Reactions to this fact are fairly divided among people that I know. Tien Nguyen, who selected Handsome as the Best Coffee Shop 2013 for L.A. Weekly and who you'll hear on tomorrow's podcast, explained that Handsome's not denying you sweetener, they're just not offering it because they don't think the coffee needs it. Celebrated pastry chef Gina DePalma, on the other hand, reacted on Twitter this way: "My response to this policy contains an obscenity. That's why I'm saying it in my head."
The abruptness of this policy didn't jar me as much as it might have if I hadn't experienced something like it elsewhere. But my local coffee shop, Cognoscenti Coffee--which Tien named Best New Coffee Shop in 2011, so maybe Tien is the mastermind behind all of this!--doesn't offer simple syrup for iced coffee drinks, though they'll add a squeeze of honey or agave to an iced latte before they shake it. When I complained about this on Twitter, New York Times coffee guru Oliver Strand echoed Tien's sentiments about the coffee not needing the sugar.

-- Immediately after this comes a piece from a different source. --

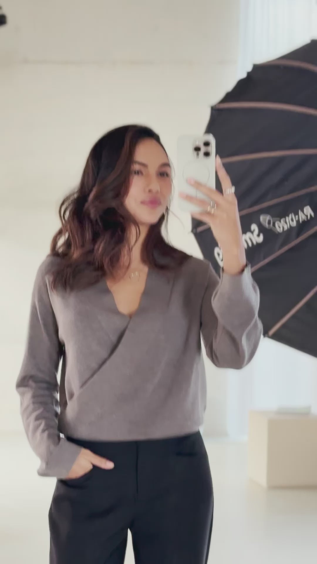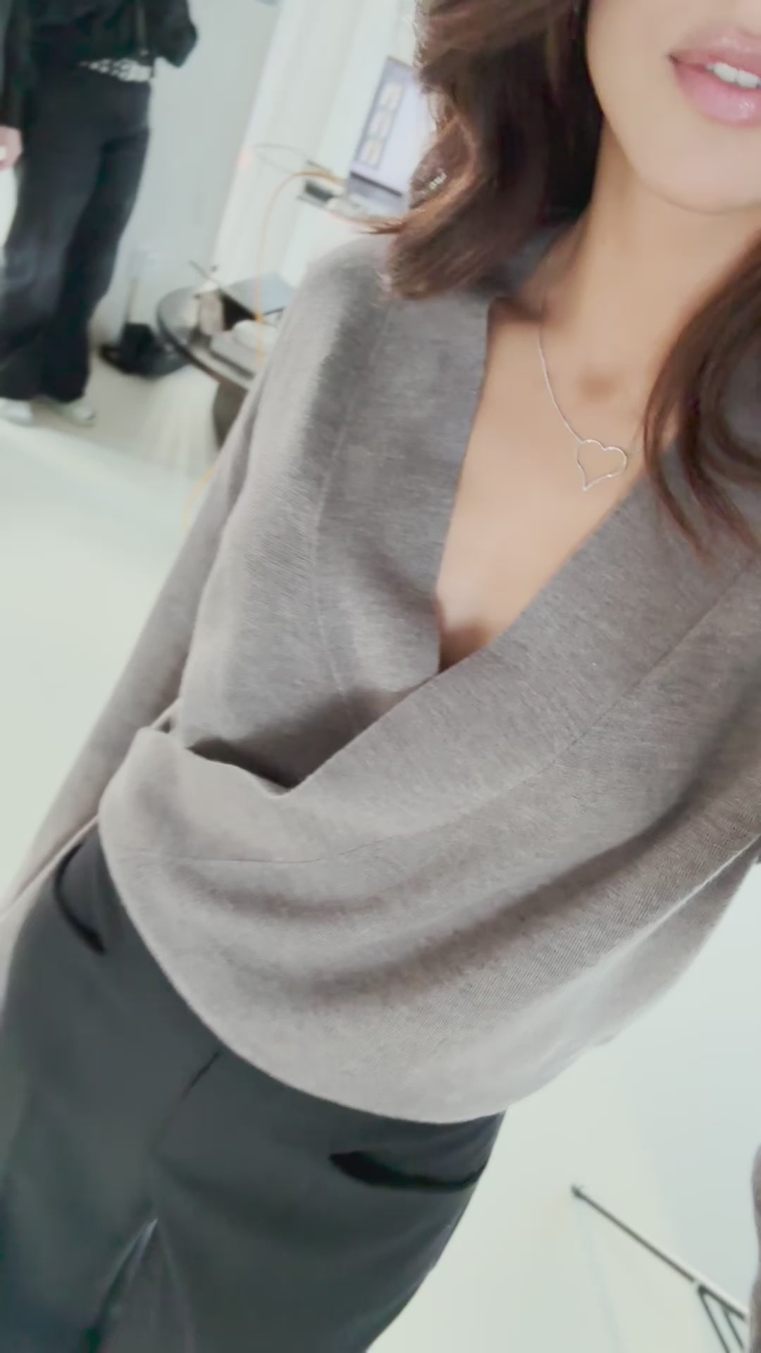 You rarely see merino wool like this- except with us ; ) Extra-fine knit in a barely visible rib, wrap sweater LES CINQ is lightness itself. The fixed wrap has a knitted trim, which prevents the edges from curling. Très élégant.

So I took to drinking my iced lattes--(actually, I order iced cortados because there's less milk)--with no sugar and found Tien and Oliver to have a valid point. This particular coffee, with its delicate flavors and aromas, would get swallowed up by sweetener. Same at Handsome where the sugarless coffee drink allowed me to really taste the coffee. I get it. The policy is there to open your eyes to the coffee's true flavor. But does that make the policy right?

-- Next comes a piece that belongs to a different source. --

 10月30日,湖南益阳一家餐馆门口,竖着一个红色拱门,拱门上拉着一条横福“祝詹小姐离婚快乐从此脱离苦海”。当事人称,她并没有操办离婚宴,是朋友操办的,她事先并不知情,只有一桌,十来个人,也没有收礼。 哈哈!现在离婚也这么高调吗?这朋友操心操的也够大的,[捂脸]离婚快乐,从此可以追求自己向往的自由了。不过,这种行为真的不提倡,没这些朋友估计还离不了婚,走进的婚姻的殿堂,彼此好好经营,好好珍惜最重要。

Well, as I say in the podcast, how you feel about this policy probably says something about how you feel about government. For those who think government is too big, who resent the idea of being told which doctor to go to or how large your soda should be, this policy will be an outrage. Personal freedom is the hallmark of a free society and if I want to put sugar in my coffee, damn it, no hipster barista is going to stop me. Hell, I'll bring my own simple syrup in a flask and to hell with them!

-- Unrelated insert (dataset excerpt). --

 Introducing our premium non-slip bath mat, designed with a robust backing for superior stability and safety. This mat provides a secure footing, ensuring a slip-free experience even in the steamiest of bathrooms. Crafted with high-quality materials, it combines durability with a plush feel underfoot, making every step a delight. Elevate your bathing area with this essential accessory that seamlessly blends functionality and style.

Those who don't mind government intervention, however, who see the good of a benevolent hand guiding you in the right direction might not have as much of a problem with this. Heck, those baristas sure know a lot about coffee and who am I to argue with a policy that's meant to further my enjoyment? And sugar's not good for me anyway, so may as well try it without. Bottom's up!
Me? I'm somewhere in the middle. I think it's ok for a coffee shop to suggest that you not sweeten your coffee--maybe with a sign or by keeping the sweetener behind the counter--but by absolutely denying customers the right to sweeten their own coffee, they're going a step too far, bullying their customers into submission rather than pointing their customers in the right direction. And, honestly, having had these lighter roasts with their floral notes over-described on bean bags as "pear-like" with "a whisper of licorice," I prefer a strong, dark roast contrasted with a hit of sugar (but only in iced drinks; I take my warm coffee drinks without sugar except for traditional brewed coffee, then I do add sugar and milk). But why am I hiding that fact in parentheses? That's my own personal coffee-drinking style and I should be allowed to express that style wherever I go without being judged.
Someone, though, compared it recently to asking for ketchup at a fine restaurant. And if you think about it that way, I can see why these baristas who spend their days living around coffee would take such offense at someone like me adulterating the coffee with sugar. Which is why I don't think Handsome should change its policy: there are so many good coffee shops out there, it doesn't matter if the rules at some of them aren't democratic. When it comes to which ones to patronize, the choice is yours.